The consequences of not mitigating your losses can be severe; it could mean a lower award of damages or even the claim being struck out! As such, the reduction of loss in legal claims serves the ends of justice and can help to reconcile the different claims of fairness, efficiency, and accountability in dispute resolution.
Conclusion
This avoids the problem of the claimant failing to act sensibly to mitigate their loss as per Stevens’s v Equity Syndicate Management (2015) and can be seen as the final deterrent of the credit hire model.
As this paper has discussed, the basic principle that claimants are required to take reasonable steps to mitigate losses in legal claims is a central tenet designed to ensure fairness and efficiency in dispute resolution.
The Stevens case provides a stark reminder of this responsibility, noting the potential need of claimants to leave no stone unturned in terms of finding ways to ameliorate their financial exposure.
Claimants who accommodate for the lapse by, for example, using their own insurance policies, sharing vehicles with friends or family after a collision or theft, or otherwise showing that they have taken action to prevent further loss can demonstrate their commitment to avoiding or reducing losses, while still ensuring use of the necessary vehicles.

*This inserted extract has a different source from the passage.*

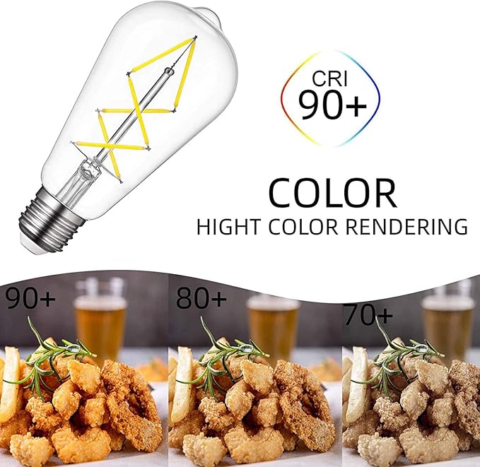 - Energy-Saving LED Equivalent to 60W Incandescent: Featuring a unique fishbone filament design, our vintage dimmable LED bulbs deliver 600 lumens of brightness, equivalent to a 60W incandescent bulb. This energy-efficient LED bulb beautifully illuminates your room while maintaining the classic vintage look. Use our detailed brightness visuals to select the perfect light for your space, and check product details for more information.

Yet it is also important to recognize the real-world hurdles and circumstances to finding solutions that make economic and practical sense; not to mention the potential legal peril that could result from failing to do so. The Stevens case should provide important lessons learnt for not only legal practitioners but also claimants, navigating the difficulty of mitigating losses in a personal injury claim practically.
At the end of the day, with this formula, claimants can participate in a fair legal system and take appropriate cost-efficient methods and decrease the impact and resounding issue of balance. Justice for all.